◆ **YOUR ASSIGNMENT**:
A faithful copy of all the data is the goal; omit the pictures.
********
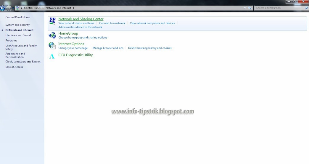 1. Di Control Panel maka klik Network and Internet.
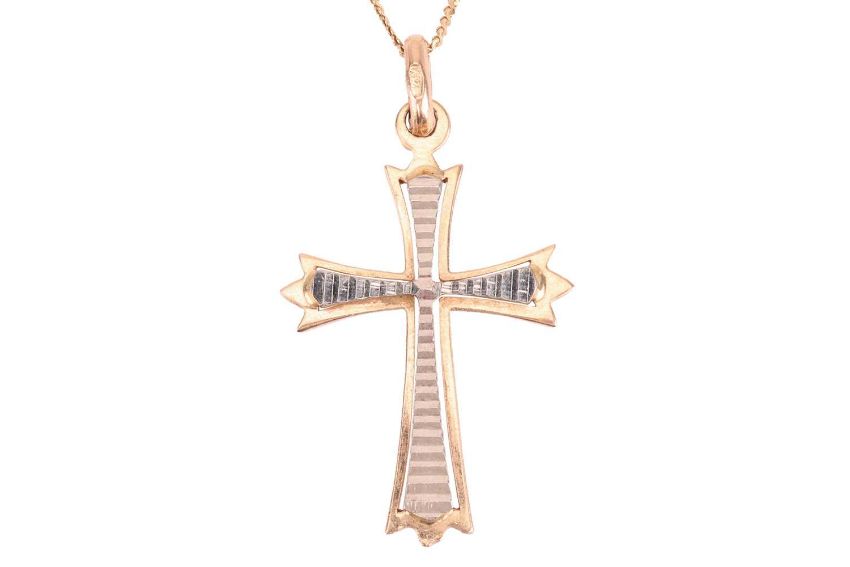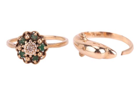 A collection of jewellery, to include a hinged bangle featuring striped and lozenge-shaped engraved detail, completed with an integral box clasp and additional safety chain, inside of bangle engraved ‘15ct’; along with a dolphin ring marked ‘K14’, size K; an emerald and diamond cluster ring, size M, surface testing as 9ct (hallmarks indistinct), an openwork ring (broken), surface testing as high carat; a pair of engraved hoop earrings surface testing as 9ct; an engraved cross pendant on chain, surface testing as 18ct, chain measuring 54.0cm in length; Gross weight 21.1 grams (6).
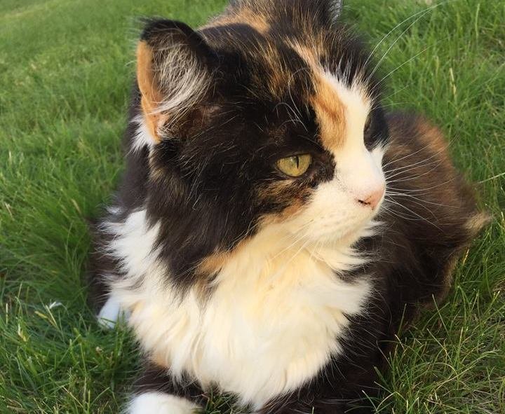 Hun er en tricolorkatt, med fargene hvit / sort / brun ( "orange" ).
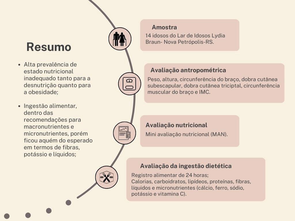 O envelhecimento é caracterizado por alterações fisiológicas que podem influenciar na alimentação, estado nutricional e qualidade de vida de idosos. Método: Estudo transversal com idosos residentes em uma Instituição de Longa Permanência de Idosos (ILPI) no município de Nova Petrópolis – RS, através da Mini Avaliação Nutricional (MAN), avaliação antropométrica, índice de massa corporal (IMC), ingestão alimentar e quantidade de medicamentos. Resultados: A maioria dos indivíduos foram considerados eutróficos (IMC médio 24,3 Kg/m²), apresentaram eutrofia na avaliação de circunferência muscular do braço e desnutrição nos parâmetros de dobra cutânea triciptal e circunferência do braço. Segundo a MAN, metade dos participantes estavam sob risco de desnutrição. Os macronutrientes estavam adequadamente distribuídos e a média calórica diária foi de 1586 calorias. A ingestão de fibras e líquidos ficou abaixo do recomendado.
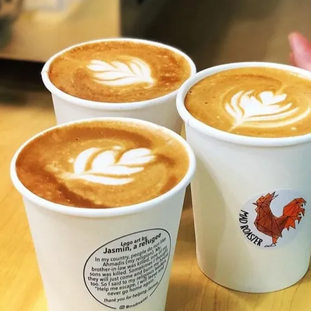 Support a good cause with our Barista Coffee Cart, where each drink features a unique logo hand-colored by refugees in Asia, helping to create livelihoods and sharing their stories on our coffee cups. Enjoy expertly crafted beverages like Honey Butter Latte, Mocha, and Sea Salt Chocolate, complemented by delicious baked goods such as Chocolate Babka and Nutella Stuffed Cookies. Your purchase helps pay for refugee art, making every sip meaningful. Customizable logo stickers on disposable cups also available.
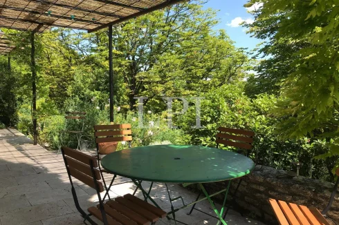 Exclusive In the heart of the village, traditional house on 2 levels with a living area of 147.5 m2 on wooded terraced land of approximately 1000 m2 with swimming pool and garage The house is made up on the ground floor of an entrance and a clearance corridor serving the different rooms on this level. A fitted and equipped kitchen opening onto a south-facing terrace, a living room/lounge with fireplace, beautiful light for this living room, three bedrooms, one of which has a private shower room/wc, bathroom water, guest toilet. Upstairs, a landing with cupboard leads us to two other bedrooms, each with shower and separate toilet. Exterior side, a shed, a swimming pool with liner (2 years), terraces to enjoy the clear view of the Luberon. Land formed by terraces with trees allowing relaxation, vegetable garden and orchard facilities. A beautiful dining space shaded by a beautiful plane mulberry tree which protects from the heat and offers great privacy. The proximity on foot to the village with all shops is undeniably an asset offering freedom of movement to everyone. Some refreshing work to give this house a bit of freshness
********
◆ **WRITTEN ANSWER**:
 1. Di Control Panel maka klik Network and Internet.
 A collection of jewellery, to include a hinged bangle featuring striped and lozenge-shaped engraved detail, completed with an integral box clasp and additional safety chain, inside of bangle engraved ‘15ct’; along with a dolphin ring marked ‘K14’, size K; an emerald and diamond cluster ring, size M, surface testing as 9ct (hallmarks indistinct), an openwork ring (broken), surface testing as high carat; a pair of engraved hoop earrings surface testing as 9ct; an engraved cross pendant on chain, surface testing as 18ct, chain measuring 54.0cm in length; Gross weight 21.1 grams (6).
 Hun er en tricolorkatt, med fargene hvit / sort / brun ( "orange" ).
 O envelhecimento é caracterizado por alterações fisiológicas que podem influenciar na alimentação, estado nutricional e qualidade de vida de idosos. Método: Estudo transversal com idosos residentes em uma Instituição de Longa Permanência de Idosos (ILPI) no município de Nova Petrópolis – RS, através da Mini Avaliação Nutricional (MAN), avaliação antropométrica, índice de massa corporal (IMC), ingestão alimentar e quantidade de medicamentos. Resultados: A maioria dos indivíduos foram considerados eutróficos (IMC médio 24,3 Kg/m²), apresentaram eutrofia na avaliação de circunferência muscular do braço e desnutrição nos parâmetros de dobra cutânea triciptal e circunferência do braço. Segundo a MAN, metade dos participantes estavam sob risco de desnutrição. Os macronutrientes estavam adequadamente distribuídos e a média calórica diária foi de 1586 calorias. A ingestão de fibras e líquidos ficou abaixo do recomendado.
 Support a good cause with our Barista Coffee Cart, where each drink features a unique logo hand-colored by refugees in Asia, helping to create livelihoods and sharing their stories on our coffee cups. Enjoy expertly crafted beverages like Honey Butter Latte, Mocha, and Sea Salt Chocolate, complemented by delicious baked goods such as Chocolate Babka and Nutella Stuffed Cookies. Your purchase helps pay for refugee art, making every sip meaningful. Customizable logo stickers on disposable cups also available.
 Exclusive In the heart of the village, traditional house on 2 levels with a living area of 147.5 m2 on wooded terraced land of approximately 1000 m2 with swimming pool and garage The house is made up on the ground floor of an entrance and a clearance corridor serving the different rooms on this level. A fitted and equipped kitchen opening onto a south-facing terrace, a living room/lounge with fireplace, beautiful light for this living room, three bedrooms, one of which has a private shower room/wc, bathroom water, guest toilet. Upstairs, a landing with cupboard leads us to two other bedrooms, each with shower and separate toilet. Exterior side, a shed, a swimming pool with liner (2 years), terraces to enjoy the clear view of the Luberon. Land formed by terraces with trees allowing relaxation, vegetable garden and orchard facilities. A beautiful dining space shaded by a beautiful plane mulberry tree which protects from the heat and offers great privacy. The proximity on foot to the village with all shops is undeniably an asset offering freedom of movement to everyone. Some refreshing work to give this house a bit of freshness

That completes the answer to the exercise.